One assumption made is that the user will not try to fool the system by using strings that are not real words, contain numbers, or are sentences. Although the model is still probabilistic and will output something that it thinks it is closest to. Allowing for open-ended inputs is a tradeoff of flexibility over more refined results. By not keeping a specific set of brands or categories that is only found in the data, we can allow the model to generalize. Another tradeoff I made is to remove the need for the user to specify if the input is a retailer, brand, or category. If this is specified, then the search can be refined and we also may not accidentally misclassify something as a retailer or not a retailer. However, again we obtain flexibility and generalization this way. Using terms like "beef" and "steak" may lead to similar offers, but may not be actually found in the data.
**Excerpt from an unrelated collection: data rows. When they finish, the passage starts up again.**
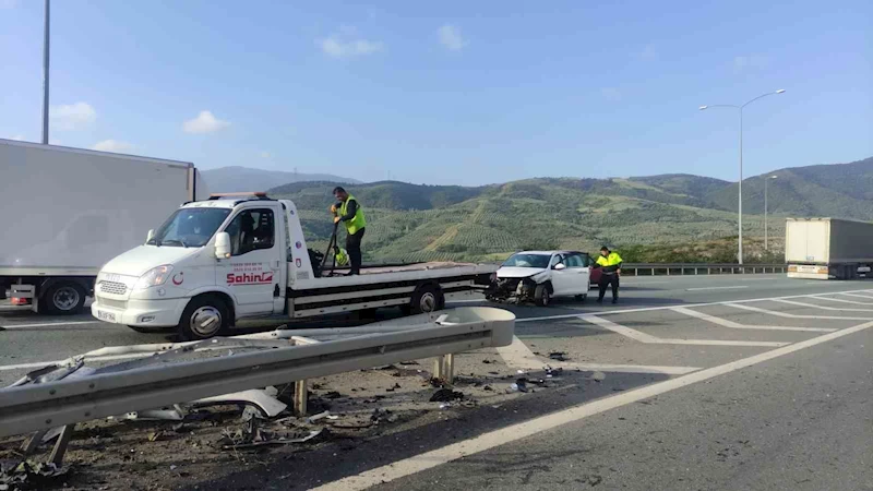 Bursa'nın Gemlik ilçesi yakınlarında İstanbul İzmir otobanında kontrolden çıkan bir otomobil bariyerlere çarptı. Bariyerleri parçalayan otomobilin motor bloğu yerinden koparak yolun diğer bölümüne savruldu. Otomobilde sürücü ile birlikte yanındaki eşi yaralı olarak hastaneye kaldırıldı.
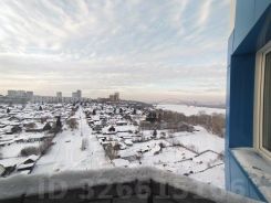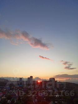 Из окна открывается красивый вид на арку Бугринского моста и тёплые краски заката.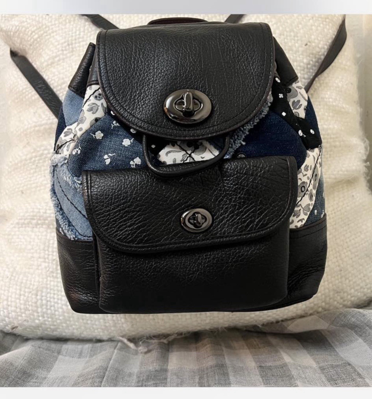RARE VINTAGE Coach Quilted Patchwork Denim Leather Backpack is a stylish and versatile vintage accessory perfect for casual occasions. Made from a combination of leather, denim, and fabric with a textured finish, this small rectangular backpack features a unique patchwork design in various shades of black, blue, and white. Includes black leather double handles and silver hardware with drawstring and turn lock closure. With inner and outer pockets for organization, this vintage designer backpack from Coach is a fashionable choice for any woman looking to elevate her outfit.
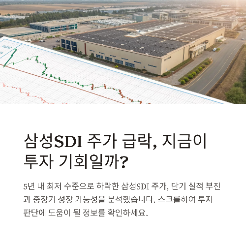 삼성SDI는 2025년 현재 전기차 배터리 시장의 침체, 유상증자에 따른 투자 심리 악화 등으로 인해 주가가 최근 5년 내 최저 수준까지 하락한 상태입니다. 그러나 기술 개발, 글로벌 생산 확대, 전고체 배터리 상용화 등 중장기적 성장 전략은 여전히 유효하며, 저평가 구간 진입에 따라 장기 투자자에게는 기회로 해석될 수 있습니다. 이번 글에서는 삼성SDI 주가의 현재 상황부터 단기 실적 전망, 중장기 성장 동력까지 면밀히 분석해 보겠습니다.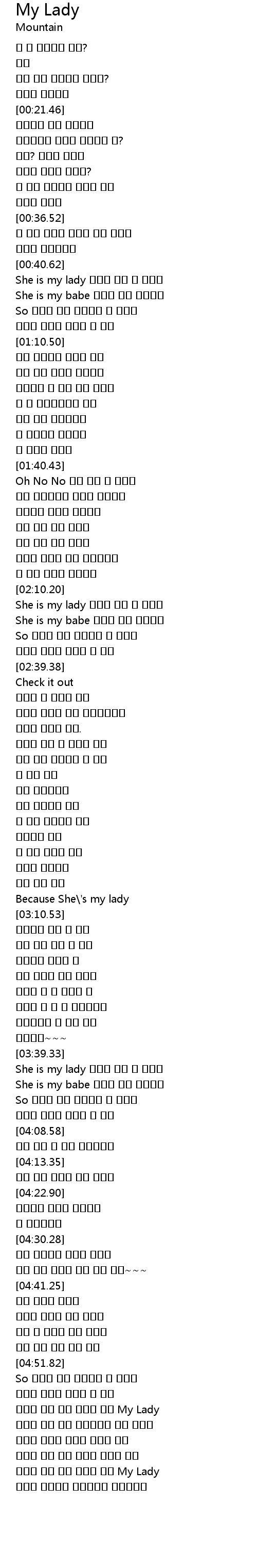 | [00:41.38] | She is my lady 그녀는 나를 더 좋아해 |

Requirements and Instructions

I did not host this website because of the implications of hosting the huggingface model as well. However, this model can be hosted with something like sagemaker. Therefore, the instructions below indicate how to run the Streamlit app locally.

  1. Install the requirements in a virtual environment
pip install -r requirements.txt
  1. Run the following command
streamlit run offer_pipeline.py
  1. The HuggingFace model takes a minute to download, but it is cached after downloading.